MacAbee heard things. He entered the moment, with the sucking sound of a car exiting a tunnel at top speed.
“I’m sorry,” he said again. “I need your car.”
The man squirmed, making unintelligible plaints, kicking and pawing against MacAbee, staring up at the SECRET AGENT ball cap as though MacAbee lacked a head. Nothing felt like anything.
“What the fuck are you talking about—it’s mine.”
The gentleman wept. The End of the World is hard on people. Something clicked in MacAbee’s head, like a magnet actuating a circuit.
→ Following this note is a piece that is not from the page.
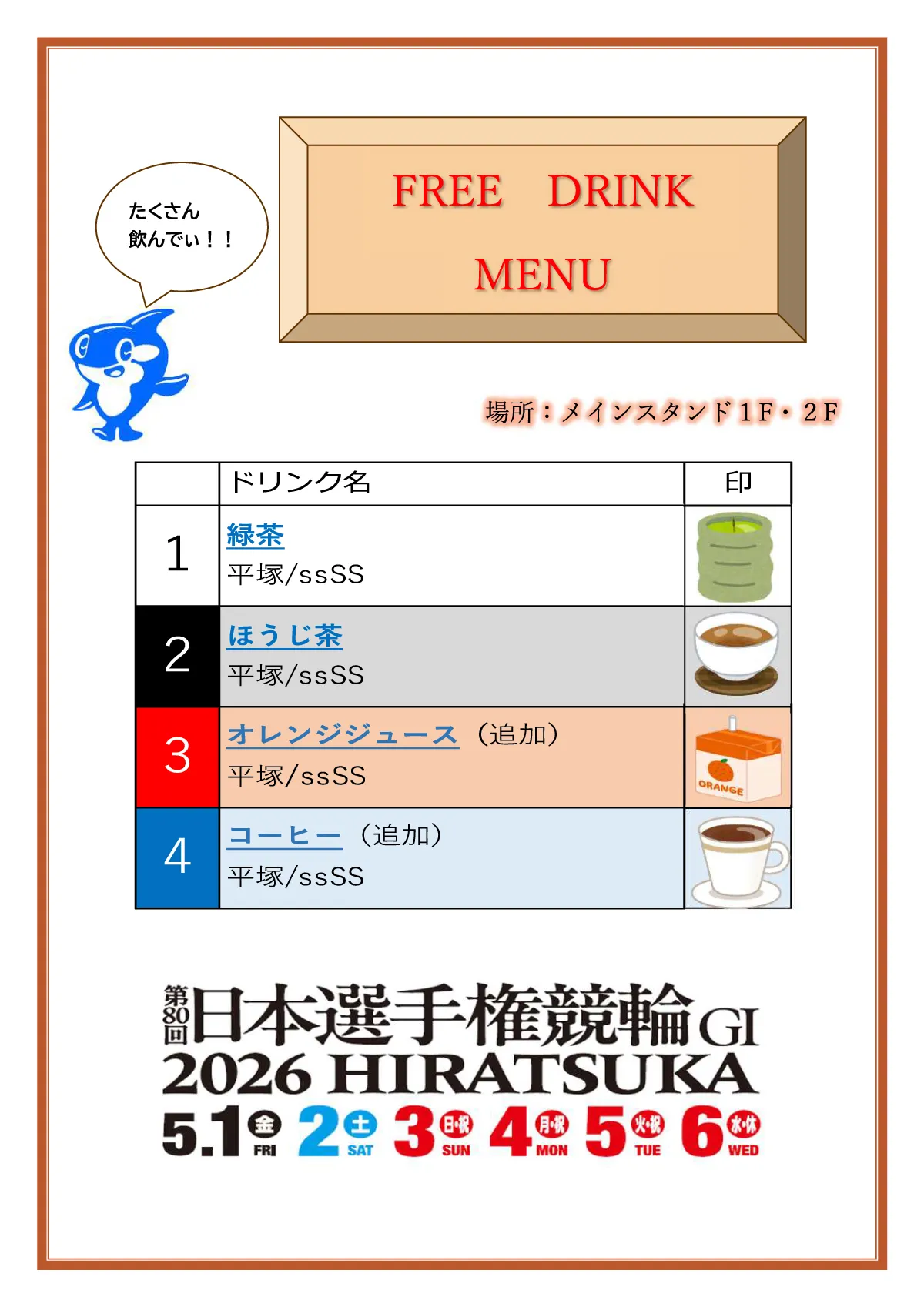 5月1日~6日の日本選手権競輪期間中限定で、無料ドリンクコーナーにオレンジジュース&コーヒーが登場します!限定ドリンクを飲みながら、イベント盛りだくさんの日本選手権競輪をお楽しみください!

“Ownership,” MacAbee said, “is problematic in this case. You possess the car, but owning isn’t much more than a willingness to kill in order to defend your interpretation of “ownership.” Since I am willing to kill you in this case, you may either defend or relinquish your claim on the vehicle, and this decision on your part determines ownership, for it defines it. “Stealing” the car will not be necessary either way.”
MacAbee trembled. He heard a rattle.
He set the man down. For a moment the man was thinking, straightening his coat.
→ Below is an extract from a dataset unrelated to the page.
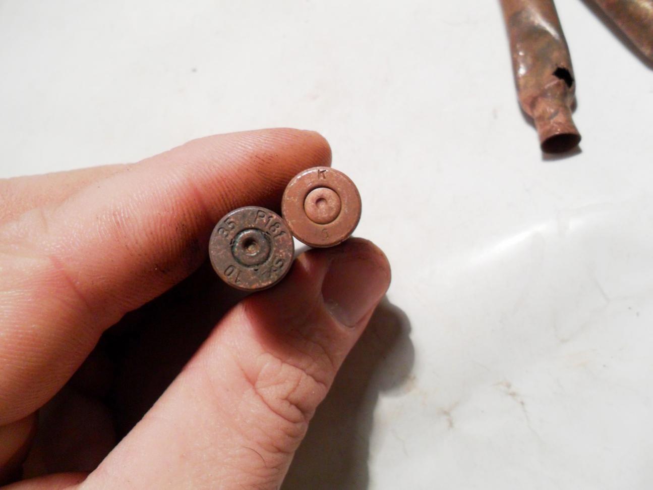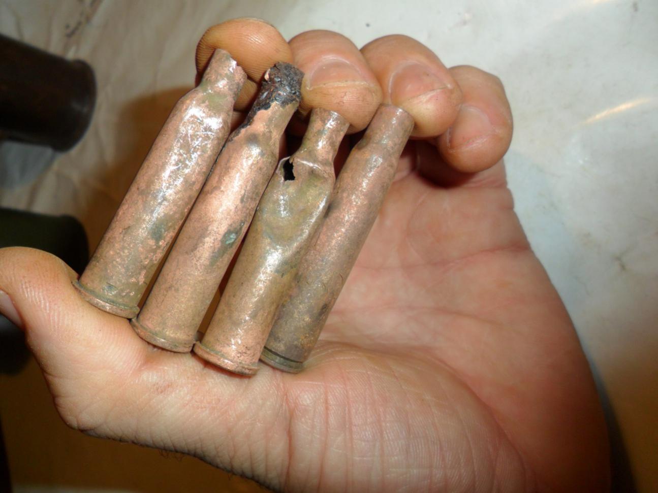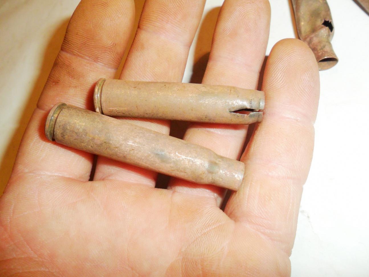 Кстати по гильзе, что с остатками пули - она пустая, видимо еще в свое время вытрусили порох и вставили пулю назад.

“You mean you just want me to give it to you,” the man said.
MacAbee nodded. “Please.”
The man said nothing.
“You can give me your number,” MacAbee said. “And I’ll bring the car back in a few days if you like.”
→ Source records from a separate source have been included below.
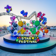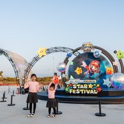 超級瑪利歐銀河拍照點。耀西拍照點可以看到耀西以不同顏色與姿態亮相,營造活潑繽紛的拍照空間;碧姬公主星星拍照點則透過閃耀的燈光效果與無敵星的拱形燈飾,呈現出明亮且夢幻的氛圍;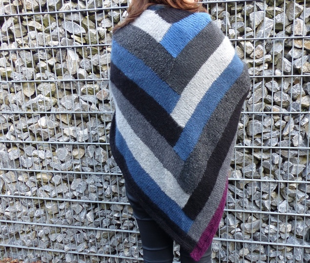 Eine gut verständliche Strickanleitung für einen Poncho in kontrastreicher Streifen-Optik.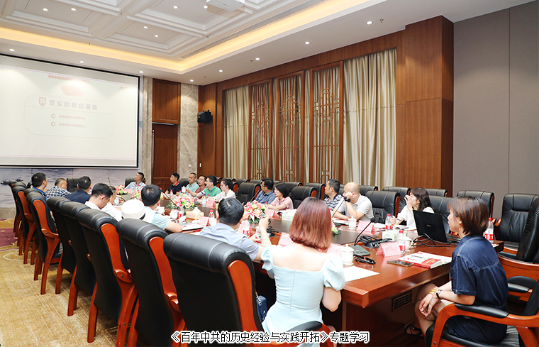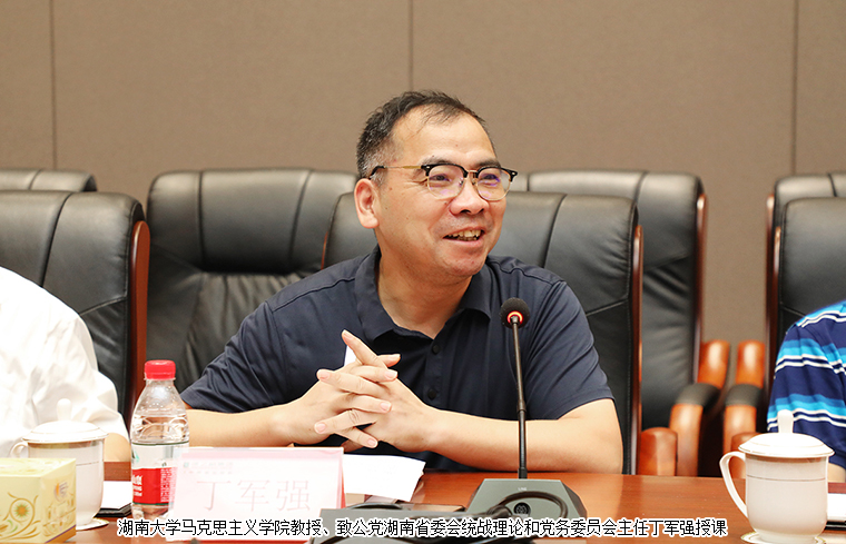 調(diào)研期間,湖南大學馬克思主義學院教授、致公黨湖南省委會統(tǒng)戰(zhàn)理論和黨務(wù)委員會主任丁軍強教授以《百年中共的歷史經(jīng)驗與實踐開拓》為題現(xiàn)場授課,分別從“百年中共的歷史進程與歷史經(jīng)驗”、“面向未來的理論創(chuàng)新與開拓創(chuàng)新”、“知史閱世的重大意義與學思悟踐”三個方面深層次解讀中國共產(chǎn)黨波瀾壯闊的百年黨史,并結(jié)合習近平總書記在慶祝中國共產(chǎn)黨成立100周年大會上的重要講話深入分析,深刻詮釋了中國共產(chǎn)黨為什么“能”、馬克思主義為什么“行”、中國特色社會主義為什么“好”,進一步領(lǐng)會中國共產(chǎn)黨先進的政治屬性、崇高的政治理想、高尚的政治追求、純潔的政治品質(zhì)。

“The world won’t be here in a few days.”
MacAbee nodded again. “You see that contractual negotiations are problematic in this climate.”
The man blinked.
“Here,” MacAbee said, reaching into his pocket. “A deal.”
He placed the contents of his pocket in the man’s hand: seven matted bills and a wrapper-less dried pineapple wedge invaded by fuzz.
“It’s a lease,” MacAbee said. “Considering not how much I need this car, and how little time you have left enjoy it, but only how good the tamales are—” He directed the man’s attention with a trembling hand. “Which on the open market, on that very corner can be obtained for six dollars and fifty cents. Arguably this is a very good deal for both of us.”
“Arguably....”
“Yes,” MacAbee said. “We can argue it some more if you want.”
The man thought.
“No,” he said.
“Alright, then,” MacAbee said and entered the car.
He waved to the man.
“Would you actually have killed me?” the man said.
MacAbee thought.
“Questions that begin with “would” have other possible universes for their objects.”
The man nodded. “You wouldn’t have.”
“Probably not,” MacAbee said. “But the tamales really are something.”
“Good to know.”
“Tell him I sent you.”
Now the man simply stared at MacAbee.
“Good luck,” he said.
MacAbee coughed. He drove away. The possibility of working out the moral calculus of what he was doing occurred to him, but only for a moment, not long enough to bother him, before he threw it out. The stoplights all were blinking, red and up above him, like signal lamps on distressed, low-flying craft.